Tampoco se trata de rastrear absurdas originalidades, porque la relación de un impasible escritor con sus criaturas, que lo «desconectan» de todo su entorno, es materia harto recurrente. Lo grave en Juntos para siempre es la poca simpatía que descubre el guión —del mismo director—, algo, como se sabe, imperdonable en cualquier relato humorístico que se precie de serlo.

Aun con situaciones que pudieron resultar muy simpáticas (como la pareja que arroja el sofá en tanto «presunto culpable» de una infidelidad), los parlamentos son tan retorcidos, los caracteres tan forzados en su diseño psicológico y las peripecias tan artificiales, que el intento sucumbe desde los primeros minutos.

En largos de ficción aspira a premios El infierno, del significativo cineasta mexicano Luis Estrada (La ley de Herodes).

Ese México violento, transido de drogas y luchas de bandas aparece magistralmente plasmado: es el país que «Benny» García descubre al ser deportado desde Estados Unidos, y solo encuentra en el narcotráfico la única posibilidad de ayudar a su familia y prosperar, pero el precio, lógicamente, será muy alto.

Amén de una contundente ambientación, Estrada consigue incorporar sabiamente el humor negro a la narración que, a propósito, transcurre sobre rieles pese al extenso metraje del filme. Los horrores que acontecen, los asesinatos y vendettas, se plasman desde una perspectiva cínica, al parecer única actitud de enfrentarlos y reflejarlos artísticamente, al menos según el criterio del realizador.

Mas lo ha hecho con tanta gracia, conocimiento de causa y vigor, que El infierno no solo se tolera, sino que hasta se disfruta. Las actuaciones del experimentado y siempre brillante Damián Alcázar (Satanás), y los no menos sobresalientes Joaquín Cossío, Ernesto Gómez Cruz y María Rojo, hacen el resto.

La perspectiva del viaje como proyecto de vida, solución o emprendimiento, signa la poética del brasileño Karim Aïnouz (Madame Satá), ya sea la joven que escapa de la municipalidad asfixiante (El cielo de Suely), ya el decepcionado que pretende con ello curarse de cuitas amorosas (Viajo porque preciso, vuelvo porque te amo) y ahora la dentista que recorre el inmenso Río de Janeiro cuando su esposo le deja en el celular la noticia de que la abandona, en El abismo plateado, también dentro de la liza por los Corales.

Es evidente que su director resulta un empecinado en esto de concursar (y ganar) en importantes festivales, mas siente una especial debilidad por La Habana, acaso porque lo ha premiado mediante todos esos títulos; también, a no dudar, se trata de un preciosista, a quien le interesa mucho más la envoltura formal que lo interior.

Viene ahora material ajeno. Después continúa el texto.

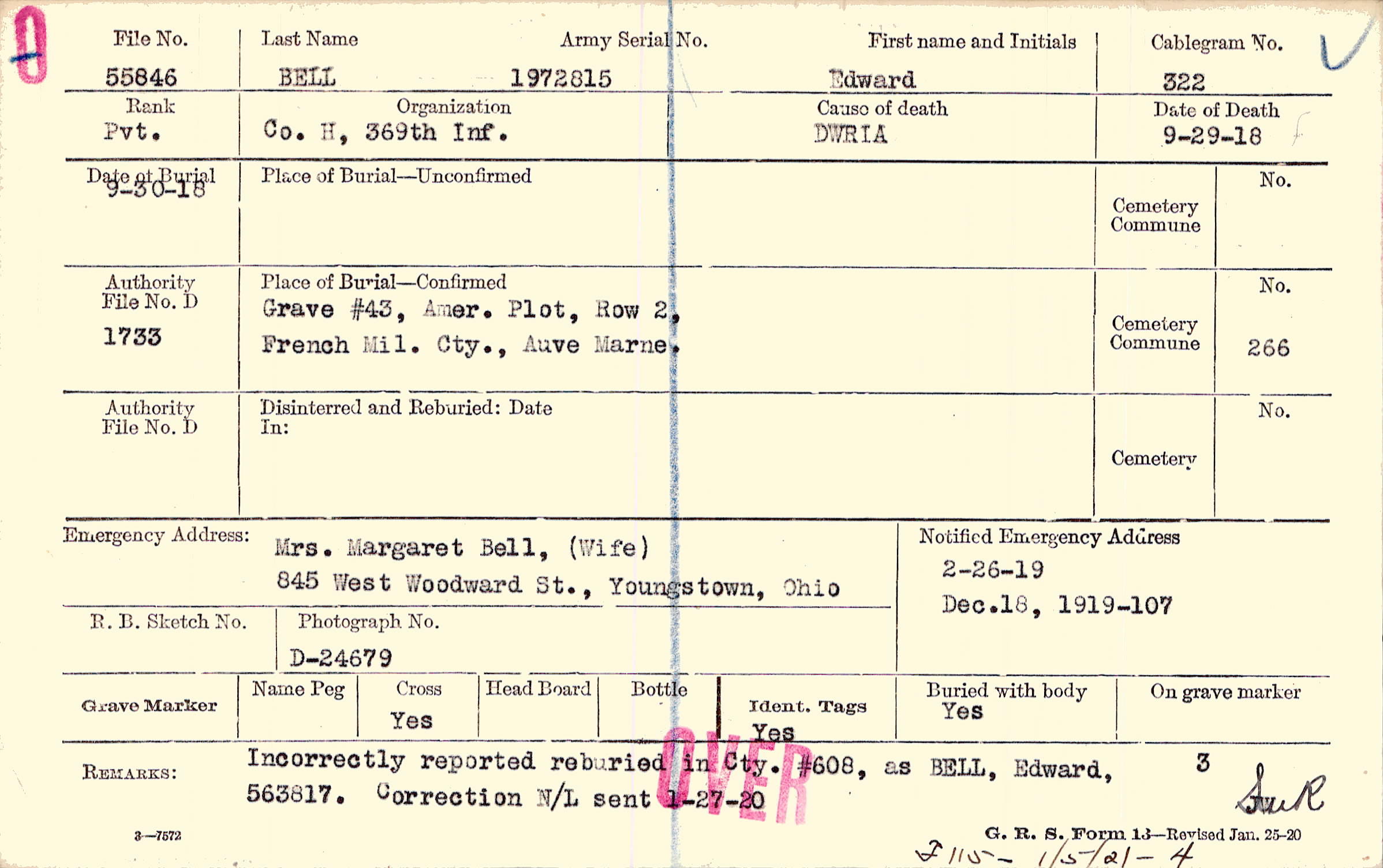 Incorrectly reported reburied in Cty. #608, as BELL, Edward, 563817. Correction N/L sent 1-27-20, F115 - 1/5/21 - 4

Si con El abismo… fuera también galardonado, debiera serlo por las excelencias de su banda sonora y su fotografía. En el caso de la primera, importan más esta vez para la diégesis los ruidos, la música y hasta el silencio que el acontecer (apenas las 24 horas en la vida deambulante de esa mujer); por ejemplo, el sonido intenso de las olas que presiden la imponente Copacabana donde habita Violeta, la abandonada protagonista, implica una labor exquisita, y qué decir de la que realiza el destacado Mauro Pinheiro Jr., con los contrastes, los expresivos claroscuros y los efectos de «profundidad de campo» que emprende con su cámara.

Un momento de ejemplar confluencia de ambos rubros es una oportuna cita de la recordada cinta norteamericana Flashdance (1983), cuando el personaje remeda aquel inolvidable baile de la protagonista con el tema Maniaca, de Michael Sembello.

Lo que sí nunca obtendría este filme es un premio de público, francamente decepcionado ante la poca «almendra» que puede hallarse en esta historia que parte libremente de todo un clásico: la canción Olhos nos Olhos, de Chico Buarque, pero también hay que hacerle justicia: quizá como corto o incluso mediometraje, El abismo... fuera toda una obra maestra, si embargo, esta vez los aludidos méritos parciales, la conseguida atmósfera de soledad y abandono, y la notable actuación de la sensual Alessandra Negrino en el protagónico, no son suficientes, pero ya veremos qué opina el jurado, el cual, como generalmente ocurre, está inmerso en una árida y compleja disyuntiva.